Say: As I draft an explanatory paragraph, I start with the big idea, not with a tiny detail. My topic sentence answers the question by naming both mathematical evidence and collaboration. Then I move in order: Katherine’s analysis first, the experiment next, the discovery after that, and the safety change at the end. I am careful to paraphrase, which means I keep the meaning but use my own wording. I also underline my transitions so I can check whether the paragraph sounds smooth instead of repetitive. Before I finish, I reread and ask, Did I show how each step led to the next one?
Say these Directions: Use your notes in the 3-Column Chart to write an explanatory paragraph that responds to this question: How did Katherine’s mathematical expertise and collaboration with others lead to safer flight?
Include in your paragraph:
at least two paraphrased details from the section
transitional language to show the sequence and cause/effect relationships,
a final sentence that explains the resulting safety impact.
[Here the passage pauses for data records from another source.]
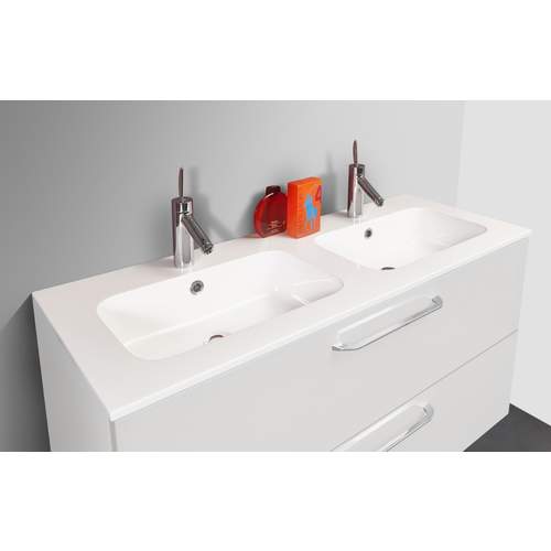 Detremmerie No Limit 45 wastafel (23) dubbel 120,5 x 45 cm met 2 kraangaten en overloop, top solid wit
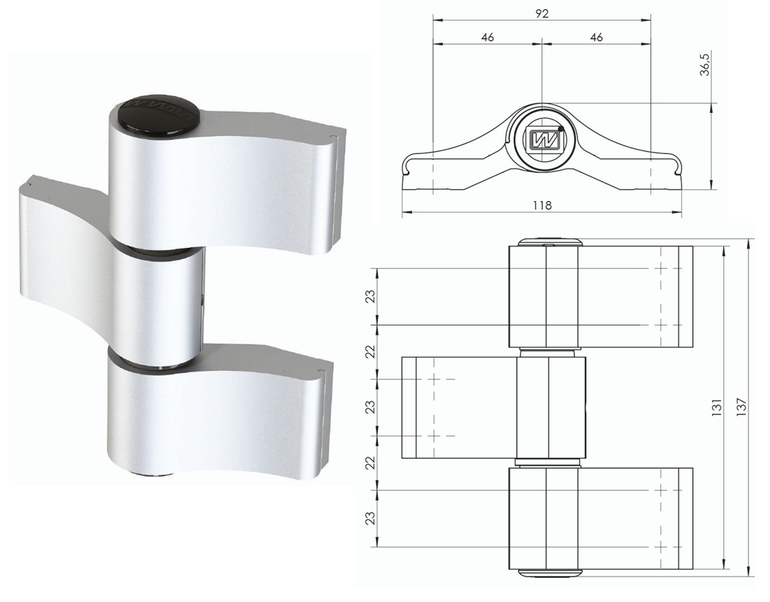 Zawias nawierzchniowy WALA WX, 3-skrzydłowy, 92mm, surowy. Personalizacja powierzchni, płynne otwieranie.
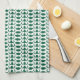 White Dog Bone Herringbone Pattern Hunter Green Tea Towel
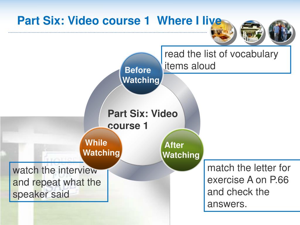 Part Six: Video course 1 Where I live read the list of vocabulary items aloud Before Watching Part Six: Video course 1 While Watching After Watching match the letter for exercise A on P.66 and check the answers. watch the interview and repeat what the speaker said
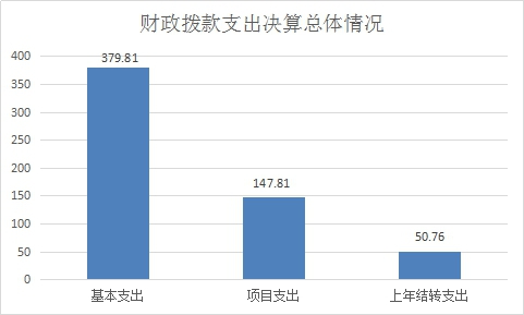 2019年本年支出合计578.38万元,其中:基本支出379.81万元,占65.67%;项目支出147.81万元,占25.56%;上年结转支出50.76万元,占8.77%;上缴上级支出0万元,占0%;经营支出0万元,占0%;对附属单位补助支出0万元,占0%。

Underline your transitions as you write.
Katherine Johnson’s mathematical evidence and collaboration helped make flight safer by revealing the hidden cause of a crash. First, she carefully analyzed the flight recorder images from the small plane so the team could study what happened over time. Next, the engineers recreated the same conditions with a test flight, and Katherine compared that new information to the earlier evidence. The two kinds of evidence pointed to the same conclusion. As a result, the team learned that disturbed air from a larger jet could remain dangerous long after the jet had passed. Eventually, this discovery led to changes in air traffic regulations that required more distance between flight paths. Katherine’s analysis and the team’s experiment worked together to help prevent similar accidents.
Checklist(W.6.2.c) |
|---|
As you draft, check your work for:
|
Criterion | 1 – Developing | 2 – Approaching | 3 – Meets |
|---|---|---|---|
W.6.4 — Student produces clear and coherent writing appropriate to task, purpose, and audience. | Writing is unclear, unfocused, or inappropriate for the task, purpose, or audience. | Writing is somewhat clear but may be uneven in focus, organization, or appropriateness. | Writing is clear, coherent, and appropriately developed for the task, purpose, and audience. |
W.6.2.b — Student develops the topic with relevant facts, definitions, concrete details, quotations, or other information and examples. | Writing includes few or no relevant facts, definitions, details, or examples. | Writing includes some relevant information, but development is uneven or partially explained. | Writing develops the topic with clear, relevant facts, definitions, details, quotations, or examples that support understanding. |
W.6.2.c — Student uses appropriate transitions to clarify relationships among ideas and concepts. | Writing uses few or no transitions, making relationships unclear. | Writing uses some transitions, but connections between ideas may be uneven or partially clear. | Writing uses appropriate transitions that clearly show relationships among ideas and concepts. |
Lesson 12 Writing Rubric: Explanatory Paragraph — Transitions for Sequence
Writing prompt: Write or revise an explanatory paragraph about a key moment in Katherine Johnson's or Dorothy Vaughan's work that uses transitional phrases to show the sequence of events and connect ideas clearly.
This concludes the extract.